To the press, Rudy was one of those terrible people--too quick to defend the police when they were attacked on brutality charges; a fascist, a bully, and a prude. With most pro-choice Republicans, their views on abortion are only one of a set of positions and attitudes that arouse the ire of the base. Giuliani is that very rare animal, a pro-choice Republican who is also the furthest thing possible from a liberal on a wide range of issues (law and order among them). "In case after case, he refused to accept the veto of liberal public opinion," writes John Podhoretz in his New York Post column. "More than any other candidate in the race, Rudy Giuliani is a liberal slayer. When he rejects liberal orthodoxy, which he does often, he doesn't just oppose it. He goes to war with it--total, unconditional war." If you believe that the enemy of your enemy must be your friend, conservatives have no better friend than the mayor, bête noire and scourge of the limousine liberals, the race hustlers, the friends of identity politics, the opponents of capital punishment, the municipal unions, the American Civil Liberties Union, and the New York Times. Some will want him to be president, if only to annoy all these people--a temptation too big to resist.

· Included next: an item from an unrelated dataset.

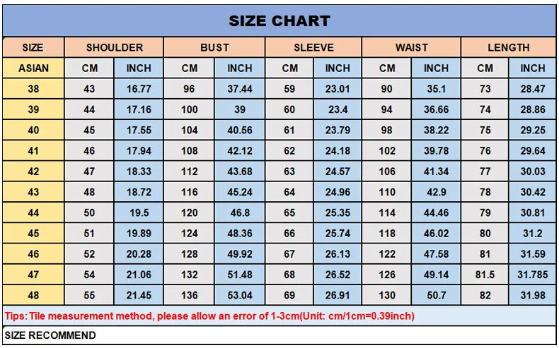 Note: Measurements may vary by 1-3cm. Shirt size should be slightly larger than your body measurements for comfortable fit. If between sizes, we recommend choosing the larger size.
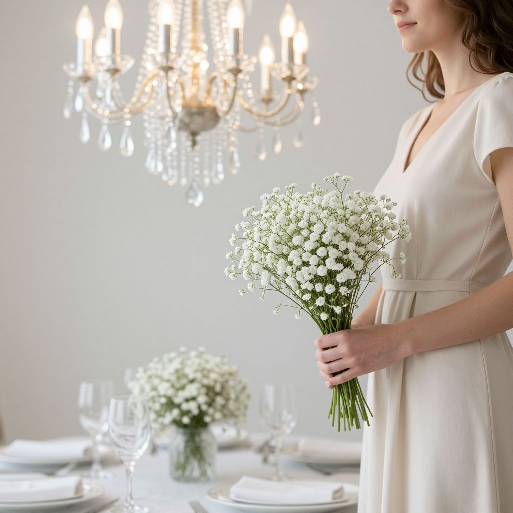 Elegant table setting featuring a glass chandelier above, paired with a woman in a cream dress holding a delicate bouquet of baby's breath, showcasing the refined decor by Utopian Events.

(3) The Shape of the Field: Strict conservatives are not all that enthralled by any of the three main contenders--Giuliani, John McCain, and Mitt Romney. This is their weakness, but also their strength, as they all tend to give each other cover along with other conservative stars. Did Giuliani leave his first wife? So did McCain. Did he leave his second wife? So did Newt Gingrich. Is he pro-choice and gay-friendly? So was Mitt Romney a scant four years ago. McCain is the only one with a firm pro-life record, but the base doesn't like him for a number of reasons, among them tax cuts, immigration, campaign finance reform, and being used by the press to score points against conservatives on too many things to enumerate.

Some day their prince may come--the conservative who hits all the bases--pro-life, pro-supply side, pro-tax cuts, pro-deregulation, and hawkish in foreign policy--but this day is not it, and that day may never arrive. In this case, as the base will be forced to cut slack to someone on something--on his public stances or his private life, on his past or present positions--they may want to do it for someone who in many ways truly excites them, who bonds with them on many issues, and who, so far at least, leads Hillary Clinton and all other comers in the polls.

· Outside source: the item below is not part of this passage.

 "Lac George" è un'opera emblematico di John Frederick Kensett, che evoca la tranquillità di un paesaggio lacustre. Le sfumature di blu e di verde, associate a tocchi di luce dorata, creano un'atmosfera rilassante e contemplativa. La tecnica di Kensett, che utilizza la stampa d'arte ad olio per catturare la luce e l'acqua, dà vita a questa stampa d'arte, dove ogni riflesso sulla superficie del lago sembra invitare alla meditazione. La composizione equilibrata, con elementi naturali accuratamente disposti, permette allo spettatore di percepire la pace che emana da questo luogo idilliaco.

(4) Mugged by Reality: After 30-plus years of fierce, intense arguments, much emotion, and many polls taken, both sides in the abortion wars have been mugged by reality, and realize that neither is likely to reach its major goals soon. Dreams of outlawing abortion on the one hand, or, on the other, of seeing it funded, legitimized, and enshrined as an unassailable civil right, have faded in the face of a large and so-far unswayable public opinion that is conflicted, ambivalent, and inclined to punish any political figure it sees as too rigid, too strident, or too eager to go to extremes. For this reason, no politician shrewd enough to make himself president is likely to go on a pro-life or pro-choice crusade. (Like Ronald Reagan before him, George W. Bush addresses the March for Life by phone and long distance; the new Democratic Congress, for its part, has wisely decided to leave the whole issue alone.) With this has come an understanding that, aside from the appointing of judges, and some tinkering with executive orders, the president's role is not large.

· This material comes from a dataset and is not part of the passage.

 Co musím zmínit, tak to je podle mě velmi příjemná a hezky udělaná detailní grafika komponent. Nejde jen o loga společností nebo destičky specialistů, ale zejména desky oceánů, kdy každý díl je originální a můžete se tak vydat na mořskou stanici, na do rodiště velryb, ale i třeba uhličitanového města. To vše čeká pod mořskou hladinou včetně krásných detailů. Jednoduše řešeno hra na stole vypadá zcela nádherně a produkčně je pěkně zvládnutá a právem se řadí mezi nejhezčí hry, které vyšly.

Purists will want someone whose heart is with them, but, in the real world, the state of the president's heart does not count: Support for abortion remained fairly high under Reagan and Bush 41, and began to fall off under Bill Clinton, the most pro-choice president in American history, strongly backed by the feminist movement, and pushed by his feminist wife. A strict constructionist justice appointed by a president who is pro-choice is no different from a strict constructionist appointed by a pro-life president, at least in the view of the practically minded, and better than an activist justice appointed by somebody else.

For some people, this argument will not be sufficient, and debates have now broken out among social conservatives. But the surprising thing is that these debates are occurring, which had not been foreseen or expected a few months ago. This is why early assessments of Giuliani's possible weakness may be misleading, among them polls indicating that many social conservatives would never back a pro-choice nominee. They do not show what might happen if the nominee pledged not to push for a pro-choice agenda, or if he were endorsed and supported by conservative icons who vouched for him, campaigned with and for him, and swore to their backers that he was all right.

The deal in the works has been carefully crafted to make sure that no one loses too much. Conservatives would be getting a pro-choice nominee, but one who would not push a pro-choice agenda, and one who would give them (as far as presidents can be sure in these matters) the kind of judges they long for. Giuliani would not be required to renounce his beliefs, merely to appoint the right kind of judges and to remain more or less neutral in a policy area in which, to be honest, he has never shown that much interest. The Republicans will remain the pro-life party--as desired by the bulk of their voters and required by the workings of the two-party system--though now with a larger, more varied, and in some ways more competitive field of candidates. And it is worth noting in this altered context that the Democrats also are starting to change. One of the reasons Democrats now run both the houses of Congress is that canny recruiters defied their own culture war lobbies and rammed a number of pro-life and pro-gun candidates down the throats of their interest groups, assessing correctly that control of Congress was worth a few unhappy activists. They are not yet at the point of nominating a pro-life candidate on the national level, but the lid has been pried open a crack. Someday, they too may find a candidate whom they find attractive--say, for irony's sake, a Bob Casey Jr.--except for this single and glaring impediment. And at that point, they too might deal.

And now, as the litmus test slowly expires, it is time to consider its costs. It has been a very good deal for the people who imposed it, but a very bad one for the country at large. It has meant that a candidate for national office must begin by embracing ideas that have been rejected by seven in ten of Americans, while a candidate who comes close to the center of public opinion would never be allowed to compete. It has made candidates for the post of commander in chief of the world's greatest power kick off their campaigns by groveling before leaders of interest groups, which does not make them seem leaderly and causes voters to lose all respect. Worst of all, it posed the real possibility that a candidate would come forth who seemed equipped to deal with a crisis, but who, because he held the "wrong views" in the eyes of the interest groups, would not be allowed to emerge. In Giuliani, some social conservatives think they have found such a candidate and do not want to waste him. And so, they are making a deal.